Electricity Featured

Senate blames power sector crisis on poor coordination

The Senate on Tuesday said the crisis in the nation’s power sector was due to the lack of adequate coordination among the operators in the value chains.

The Chairman, Senate Committee on Power, Gabriel Suswam, stated this at the end of a three-day investigative hearing on the power sector recovery plan in Abuja.

Suswan noted that the nation’s bid to achieve stable electricity supply could be a mirage if the firms responsible for power generation, distribution and transmission, continued to indulge in the current blame game among them.

Stakeholders in the sector, particularly the management of generation companies, distribution companies and the Transmission Company of Nigeria, had presented contradictory positions on the poor state of power in the country.

The Gencos blamed the Discos for not remitting adequate funds from the power generated and sold to them as well as lacking in capacity to distribute generated power.

But reacting to their various submissions, Suswan said the Senate was determined to ensure sanity in the system.

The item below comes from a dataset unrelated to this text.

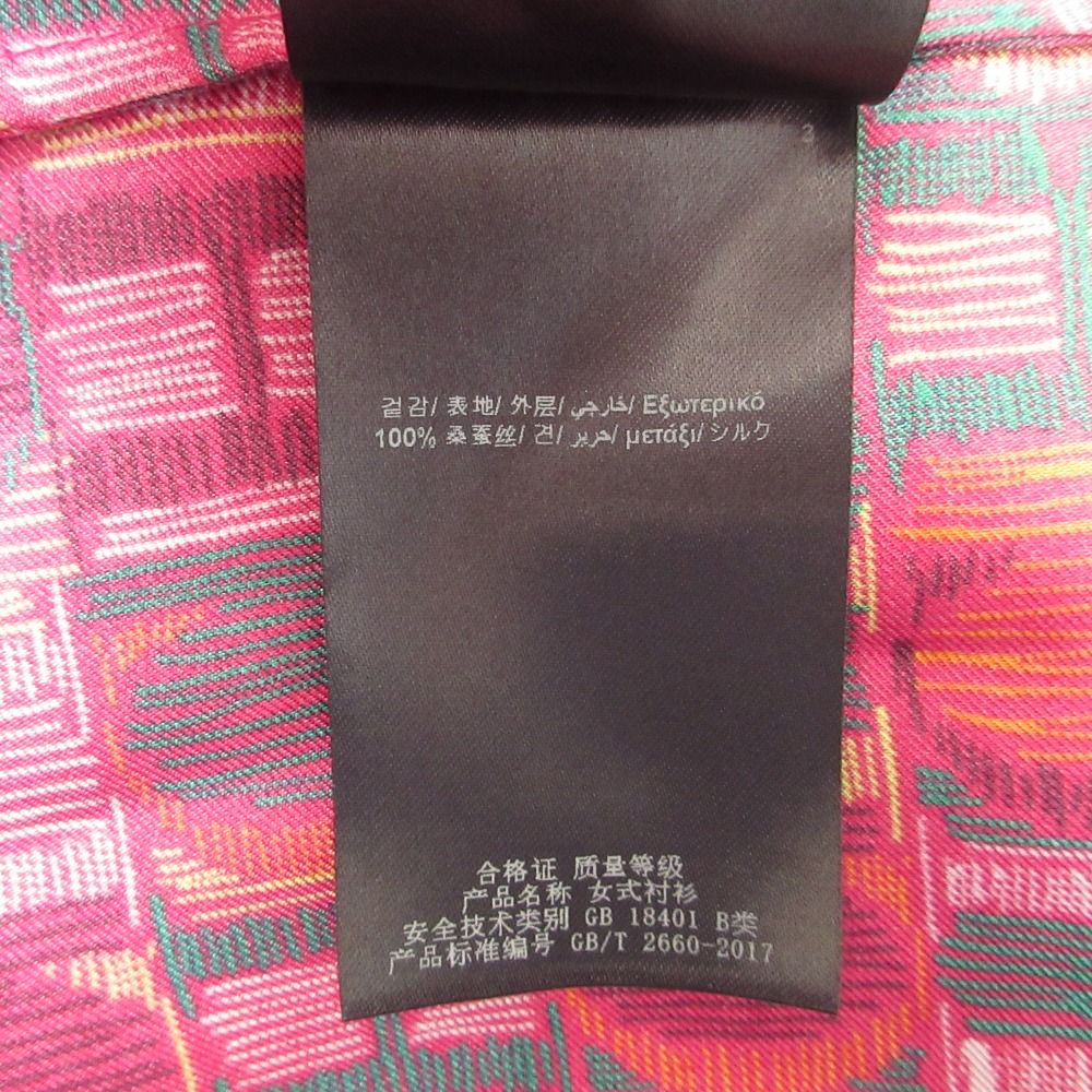 ♥ CAROLINA HERRERA キャロライナヘレラ エスニック ロゴプリント シルクブラウス L マルチカラー レディース 古着 WWW_NICORILABO_COM
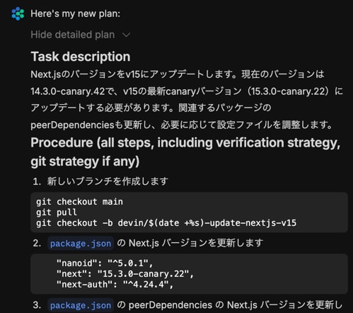 これまでは、Devinに指示を行うとすぐに作業が開始されてしまうので、プランニングを行ってもらうには明示的に指示する必要がありました。今回のアップデートで、デフォルトでプランニングが行われ、事前に作業内容を確認できるようにりました。

He said, “You will discover that from what we have heard for the past three days, there is a serious misalignment in the power sector.

“In spite of the huge expenditure, we have been unable to achieve anything because there is no proper coordination.

“We have listened to presentations from the government side and the operators and we have seen that there is no alignment anywhere and that is the problem.”

He added, “The blame game among them has to stop. Once there is an alignment and proper coordination, there will be sanity and progress.

“ If Gencos generate 13,000 megawatts and transmission is able to transmit at least 10,000 megawatts, and Discos are able to absolve all with proper tariff, it will make the sector solvent.

“Once there’s money in the sector, the other potential investors will come in. The banks will be able to also put in more money so that the sector will begin to run on its own.

“Where we are now, it will be unthinkable that government will stop providing the intervention. Once that stops, everything will collapse.

“We are spending huge amount of money paying for debt that is already owed.”

Suswan said it imperative now to focus on how to address the issue of infrastructural deficit in the power sector.